(Items listed in a dataset)
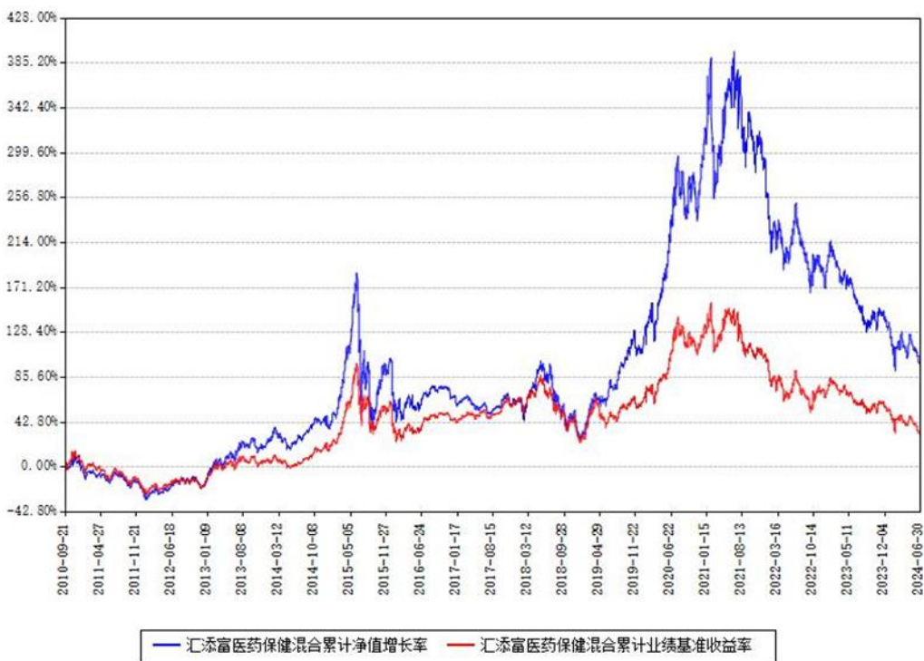
汇添富医药保健混合累计净值增长率与同期业绩基准收益率对比图

(二)自基金合同生效以来基金累计净值增长率变动及其与同期业绩比较基准收益率变动的比较图
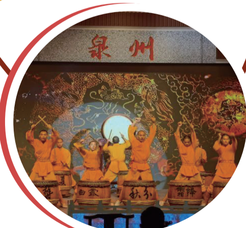
泉州少林寺武僧團表演《二十四節令鼓》。
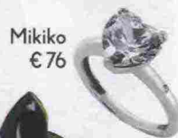
Mikiko € 76
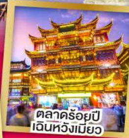
ตลาดร้อยปี เจินหวงเมียว
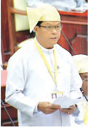
ဒုတိယဝန်ကြီး ဦးအောင်သန်းဦး ဖြေကြားစဉ်။ (သတင်းစဉ်)

ပထမအကြိမ် ပြည်သူ့လွှတ်တော် (၁၂)ကြိမ်မြောက် ပုံမှန်အစည်းအဝေး (၄၉)ရက်မြောက်နေ့ကို ယနေ့နံနက် ၁၀ နာရီတွင် ဆက်လက်ကျင်းပရာ ကန်ပက်လက်မဲဆန္ဒနယ်မှ ပြည်သူ့ လွှတ်တော်ကိုယ်စားလှယ် သူရ ဦးအောင်ကို၏ “အလုပ်လက်မဲ့ မြန်မာသင်္ဘောသား အလုပ်သမား များအတွက် အလုပ်အကိုင်အခွင့်အလမ်းတိုးတက်စေရန် မြန်မာ ပင်လယ်ကူးသင်္ဘောသား အလုပ် သမားအဖွဲ့ချုပ် (MSF)အနေဖြင့် ထိုင်ဝမ် အလုပ်သမားအဖွဲ့ချုပ်နှင့် တရားဝင် ဆက်သွယ်စာချုပ်ချုပ်ဆို ဆောင်ရွက်ခွင့် ရှိ/ မရှိ” မေးခွန်း နှင့်စပ်လျဉ်း၍ ဒုတိယဝန်ကြီး ဦးထင်အောင်က အလုပ်အကိုင်အခွင့် အလမ်းများ ပိုမိုတိုးတက်ရရှိရေး အတွက် သွားလာရန်ခက်ခဲပြီး ရုံးဖွင့် လှစ်နိုင်ခြင်းမရှိသည့် ဒေသများသို့ Mobile Team ဖြင့် ကွင်းဆင်း ဆောင်ရွက်ပေးခြင်း၊ အလုပ်အကိုင် အခွင့်အလမ်း ရရှိရေးအတွက် အလုပ်အကိုင်အခွင့်အလမ်း ပြပွဲ Job Fair များ ပြုလုပ်ဆောင်ရွက် ပေးခြင်းနှင့် ပြည်တွင်းပြည်ပ အလုပ်အကိုင် ရှာဖွေရေးလုပ်ငန်း ဆောင်ရွက်လိုသည့် ကုမ္ပဏီများအား ပြည်တွင်း ပြည်ပ အလုပ်အကိုင် ရှာဖွေရေး အကျိုးဆောင်လိုင်စင်
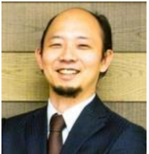
株式会社オウルズコンサルティンググループ 代表取締役CEO
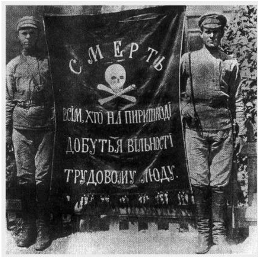
La bandera de la revolución makhnovista
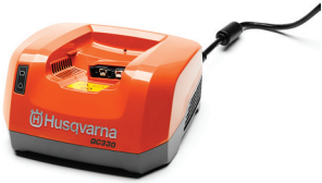
AKKU-LADEGERÄT QC330 970 52 22-06
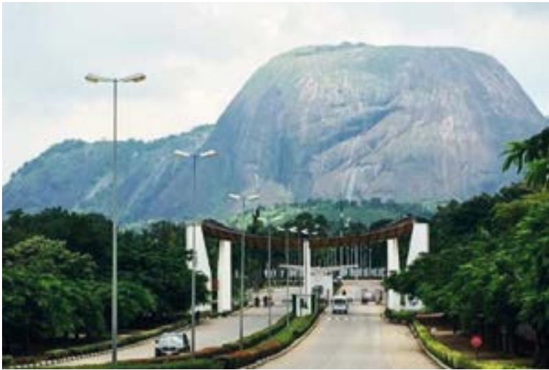
L'entrée de Aso Rock Presidential Villa, le siège de l'exécutif nigérian ▲
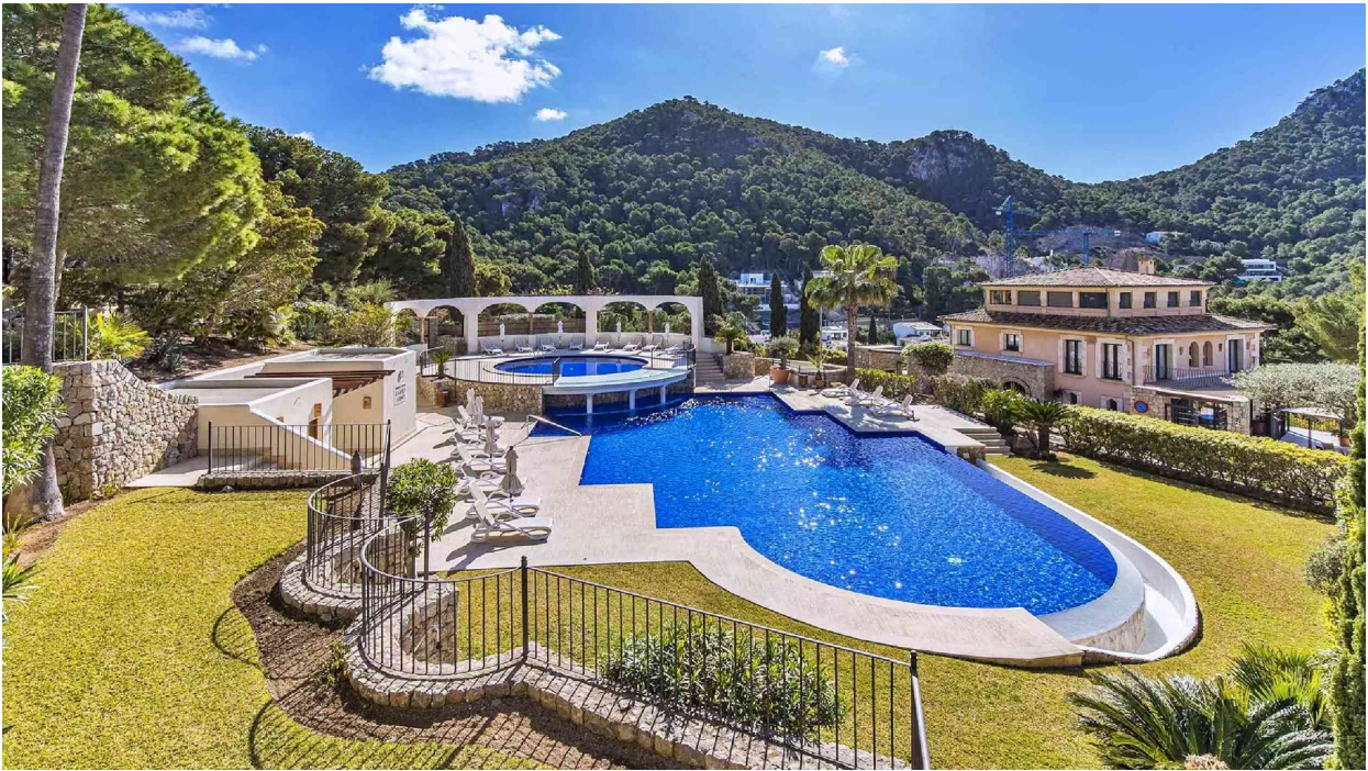
Piscina 1 (Comunidad)
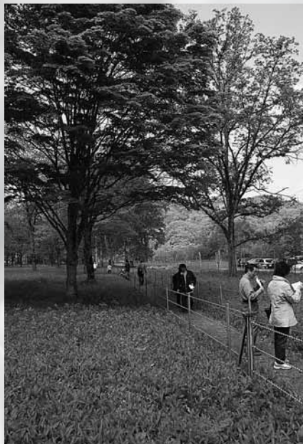
すずらんの香りに包まれる散策路
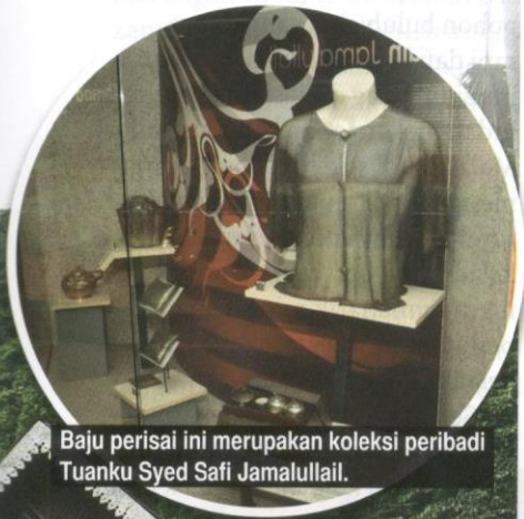
Baju perisai ini merupakan koleksi peribadi Tuanku Syed Safi Jamalullail.

Walaupun bukti penemuan tembok ini telah tiada, namun serba sedikit tinggalannya di kawasan sekitar kota masih tersisa antaranya makam dan perigi diraja di Kota Kayang. Tidak keterlaluan dikatakan bahawa kewujudan kota secara hasil gabungan alam semula jadi memperlihatkan betapa tingginya ilmu dan ikatan masyarakat Melayu silam yang bijak menyatukan alam dan situasi semasa. Kota ini pada masa yang sama menjadi tempat penyamaran dan perdagangan yang sesuai serta menjadi satu daripada bukti kearifan tempatan masyarakat Melayu suatu ketika dahulu.
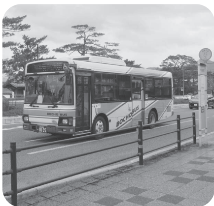
学生が利用する路線バス

市内に居住しているのに、市外へ通学している場合、別の支援策が必要ではありませんか。保護者の方への経済的な支援の方法を検討します。また、県に通学支援制度の創設を要望しています。
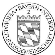
Konrad Hartshauser 1. Bürgermeister

Verwaltungsgemeinschaft Gerzen Gerzen, 08.01.2024
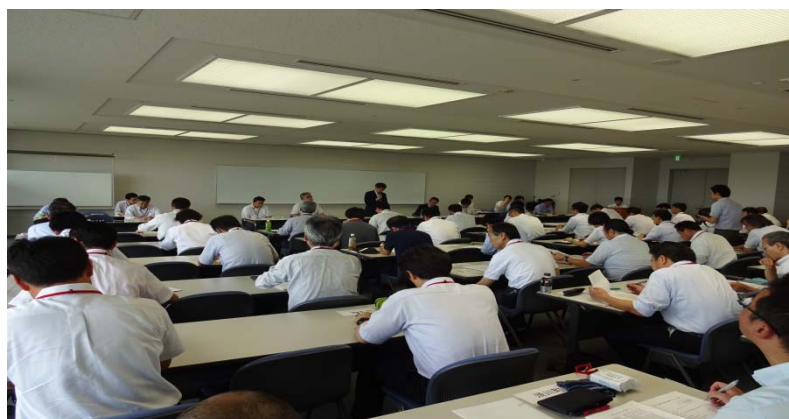
平成29年度第1回道路メンテナンス会議の実施状況（H29.6.27）
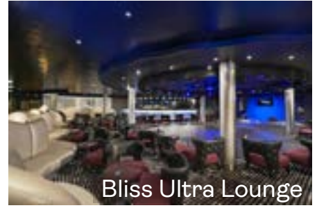
Bliss Ultra Lounge
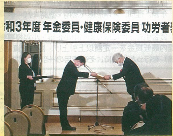
令和3年度 年金委員・健康保険委員 功労者
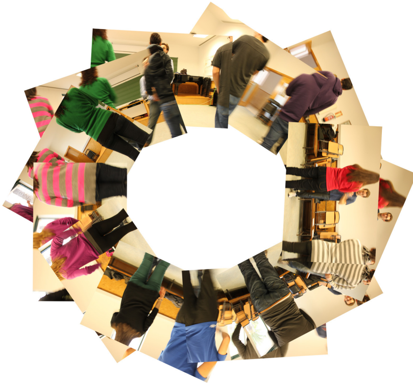
Figura 5. Percusión corporal de pie en círculo (enero de 2012). Facultad de Educación de la Universidad de Alicante, España.

Así, como mínimo común múltiplo de nuestros resultados, se generan en todos los collages estructuras circulares en las que las fotografías en color se distribuyen de forma radial, por ser el modelo compositivo que mejor describe la posición básica de aprendizaje circular empleada en la percusión corporal. En este sentido se constata que las fotografías utilizadas en esta investigación sirven como modelo de visualización que expresa un razonamiento visual de análisis del espacio “aula de música” en relación con el cuerpo. Pero para enfatizar unas u otras relaciones del análisis se refuerza el uso de unos u otros recursos, tal y como puede observarse en los resultados.
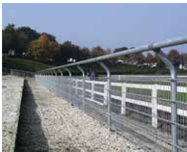
Rækværk med gitterudfyldning
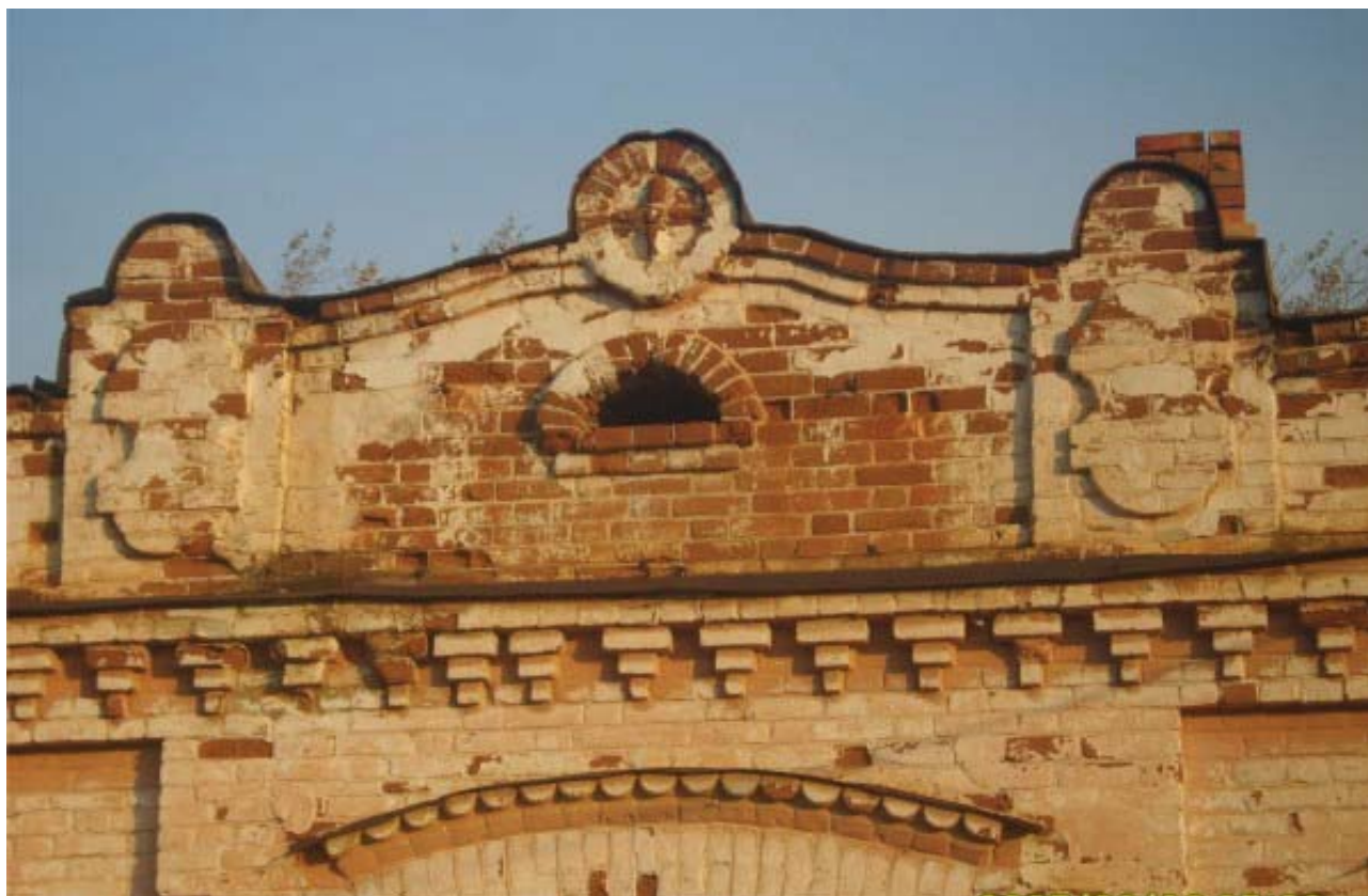
Рис.12. Фрагмент аттика торговой лавки села Зырянка (фото автора, 2006 г.)

Центральная ось его отмечена выступом – ризалитом (классицизм), венчающиеся угловые парапетные столбики с металлическими решетками – это барокко (рис.12). Применение графических архитектурных форм из разных стилей здесь налицо – полуциркульные проемы с замковым камнем в ритмическом ряду на общей форме здания и лучковые окна с надоконными нишами боковых крыльев – это стилизация.
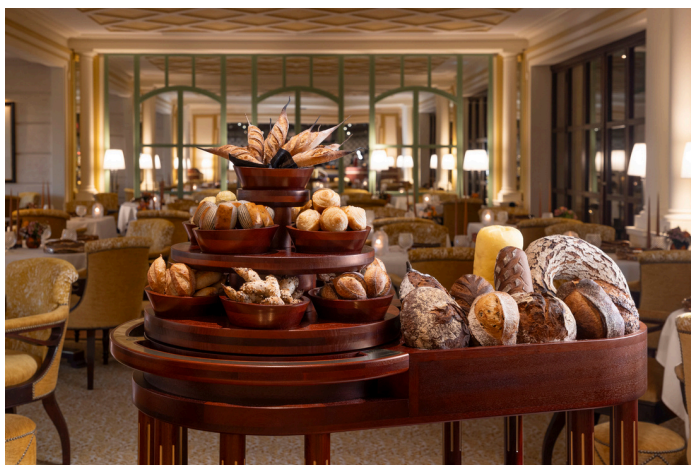
Il carrello di pane

Le creazioni di queste aree sono valorizzate da rituali che scandiscono il servizio, con l'apparizione di carrelli di pane e torte e altre dolcezze, per la gioia degli ospiti.
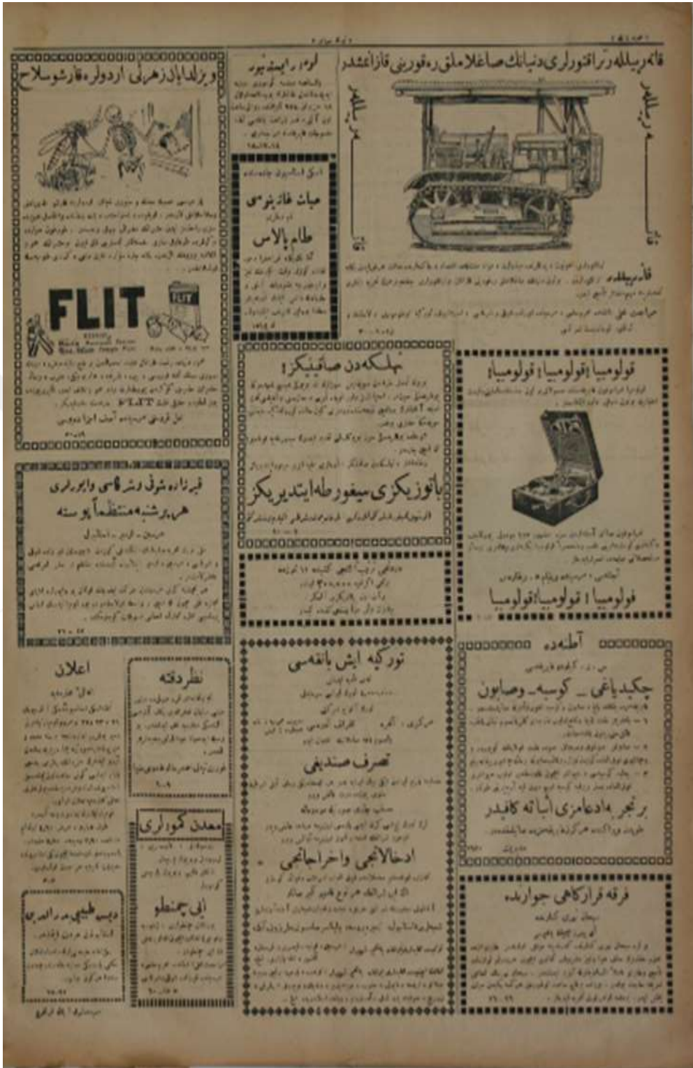
Adana Türk Sözü Gazetesi'nin Son Sayfası İlan ve Reklamlar. (Adana Türk Sözü, 19 Haziran 1928, s. 4)
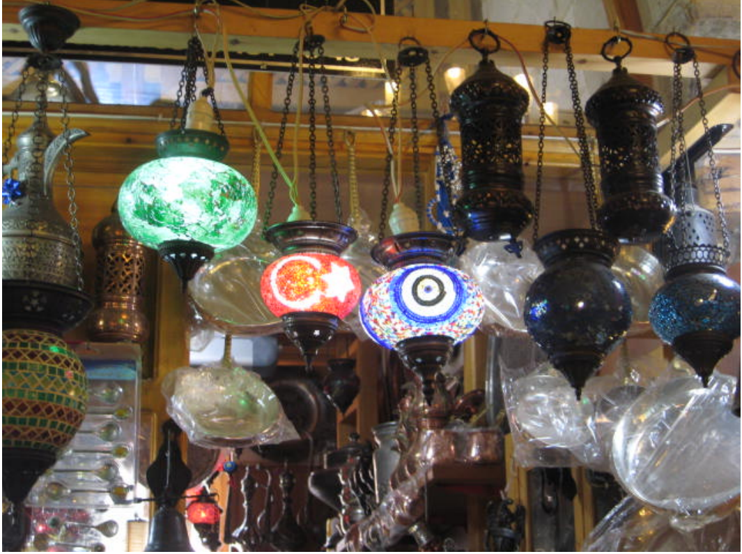
Resim 49: Nazarlıklar
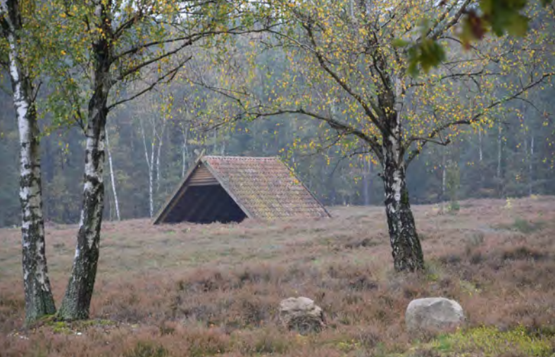
Birken in der blühenden Heide - immer wieder ein schönes Bild
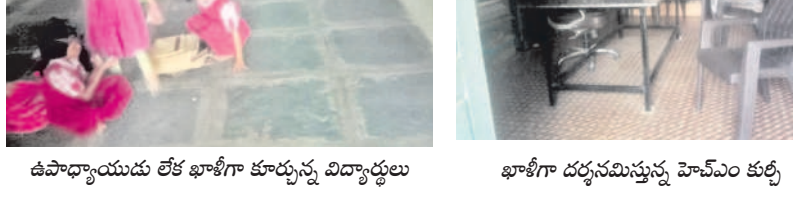
ఉపాధ్యాయుడు లేక ఖాళీగా కూర్చున్న విద్యార్థులు
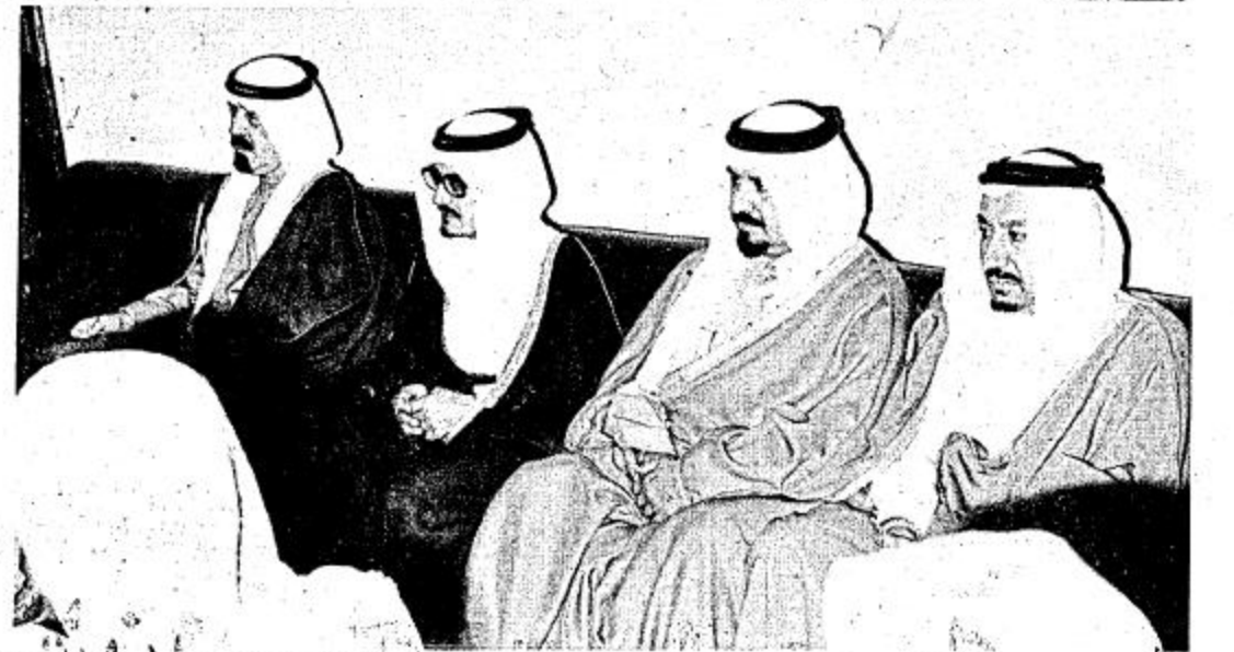
عاد جلالة الملك خالد بن عبدالعزيز المفدى بسلامته الله الى الرياض في الساعة السادسة من مساء امس قادما من المدينة المنورة بعد ان تفضل بافتتاح محطة تحلية المياه بالمدينة المنورة والتقى بالمواطنين هناك.. كما تفقد اهم المشروعات التي تنفذ في المدينة المنورة.
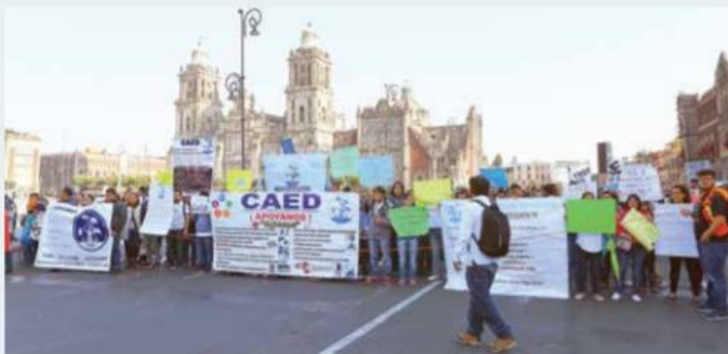
Las manifestaciones estuvieron encabezadas por el Centro de Atención para Estudiantes con Discapacidad (CAED), que protestó para exigir espacios y recursos para trabajar con las personas que atienden.

— EXERCISE REQUIREMENTS —
All that should be printed is the run of lines above from the one with "Resim 49: Nazarlıklar" through the one with "ఉపాధ్యాయుడు లేక ఖాళీగా కూర్చున్న విద్యార్థులు", both included, exactly as given, with pictures left out.

— ANSWER TO THE PROBLEM —
Resim 49: Nazarlıklar
Birken in der blühenden Heide - immer wieder ein schönes Bild
ఉపాధ్యాయుడు లేక ఖాళీగా కూర్చున్న విద్యార్థులు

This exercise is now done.